⟨

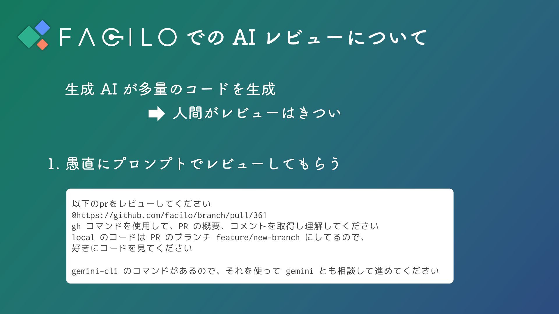 4. Ͱͷ "*ϨϏϡʔʹ͍ͭͯ ੜ੒"*͕ଟྔͷίʔυΛੜ੒ ਓ͕ؒϨϏϡʔ͸͖͍ͭ ۪௚ʹϓϩϯϓτͰϨϏϡʔͯ͠΋Β͏ 以下のprをレビューしてください @https://github.com/facilo/branch/pull/361 gh コマンドを使用して、PR の概要、コメントを取得し理解してください
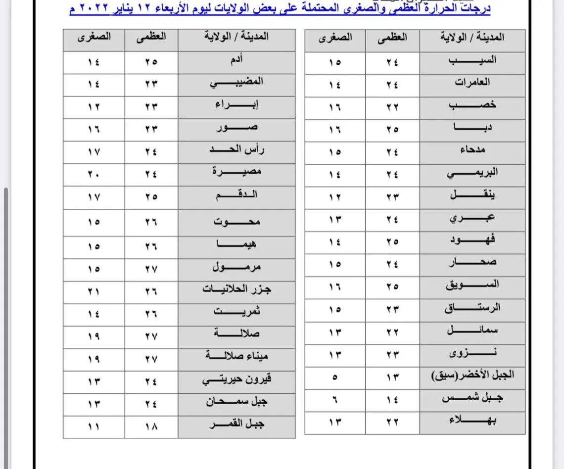 سيكون طقس اليوم الأربعاء صحوًا بوجه عام على معظم محافظات السلطنة مع تدفق السحب على شمال سلطنة عمان وفرص تشكل السحب المنخفضة على سواحل بحر عمان. واحتمال تشكل الضباب في آخر الليل والصباح الباكر على أجزاء من محافظات الظاهرة ، الوسطى و ظفار.
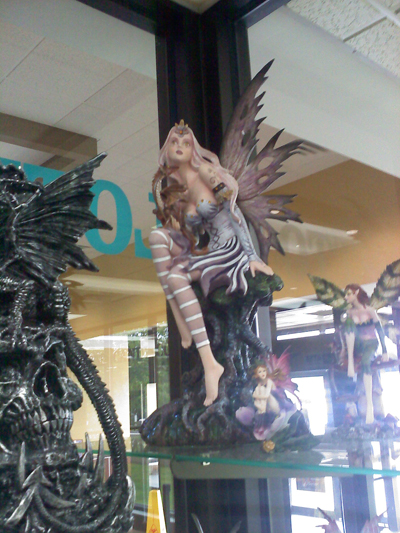 The next day we left for Indiana for my buddy Geof’s marriage to the lovely Eileen with my folks driving (they were also invited, though they probably would have driven us and gone back home if we asked cause they’re awesome). Just outside of Valparaiso we stopped at a rest stopped that a carload of my friends from Toledo also happened to stop at. It was all very serendipitous. Anyway, there was a little gift shop that had a ton of statues like the dragon and fairy here. I contemplated buying one as a wedding present, but the missus reminded me we already had a gift and I’m not that generous.
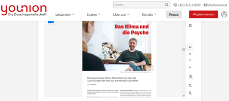 Das Mitgliedermagazin younited der younion – Gewerkschaft der Gemeindebediensteten (Daseinsgewerkschaft) widmet sich in seiner aktuellen Ausgabe den Auswirkungen von Hitze auf die Arbeitswelt. In meinem Artikel geht es um die psychischen Folgen der Klimakrise und darum, wie Gefühle von Angst, Wut oder Schuld in Handlung und Resilienz verwandelt werden können. Insgesamt zeigt das Magazin eindrucksvoll, wie sehr die Klimakrise in verschiedenen Berufen bereits spürbar ist.
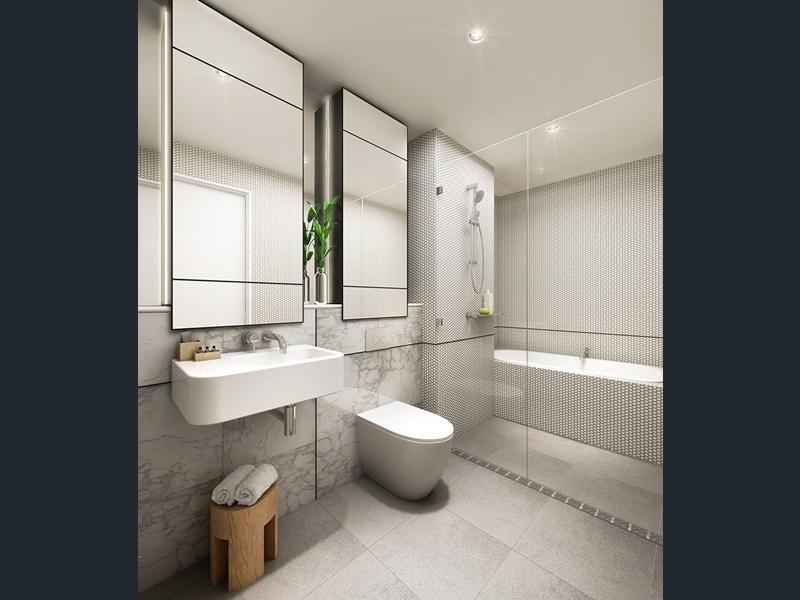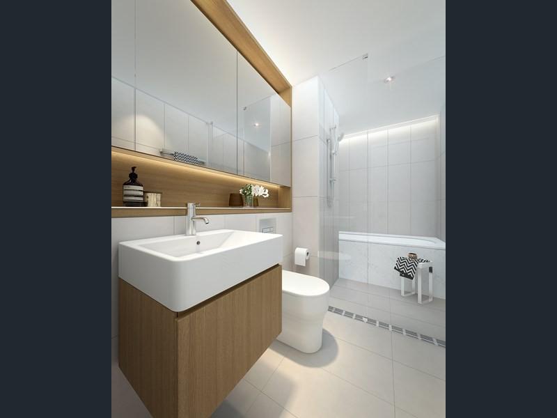 -现代瓷砖浴室和淋浴房,内部洗衣房用干衣机,羊毛地毯,工程木地板。

⟩

### EXERCISE AIM
The required output is a verbatim repetition of the lines from the opening of the entries above through the line containing "سيكون طقس اليوم", inclusive, with no pictures and nothing else.

### ANSWER TO THIS EXERCISE
 4. Ͱͷ "*ϨϏϡʔʹ͍ͭͯ ੜ੒"*͕ଟྔͷίʔυΛੜ੒ ਓ͕ؒϨϏϡʔ͸͖͍ͭ ۪௚ʹϓϩϯϓτͰϨϏϡʔͯ͠΋Β͏ 以下のprをレビューしてください @https://github.com/facilo/branch/pull/361 gh コマンドを使用して、PR の概要、コメントを取得し理解してください
 سيكون طقس اليوم الأربعاء صحوًا بوجه عام على معظم محافظات السلطنة مع تدفق السحب على شمال سلطنة عمان وفرص تشكل السحب المنخفضة على سواحل بحر عمان. واحتمال تشكل الضباب في آخر الليل والصباح الباكر على أجزاء من محافظات الظاهرة ، الوسطى و ظفار.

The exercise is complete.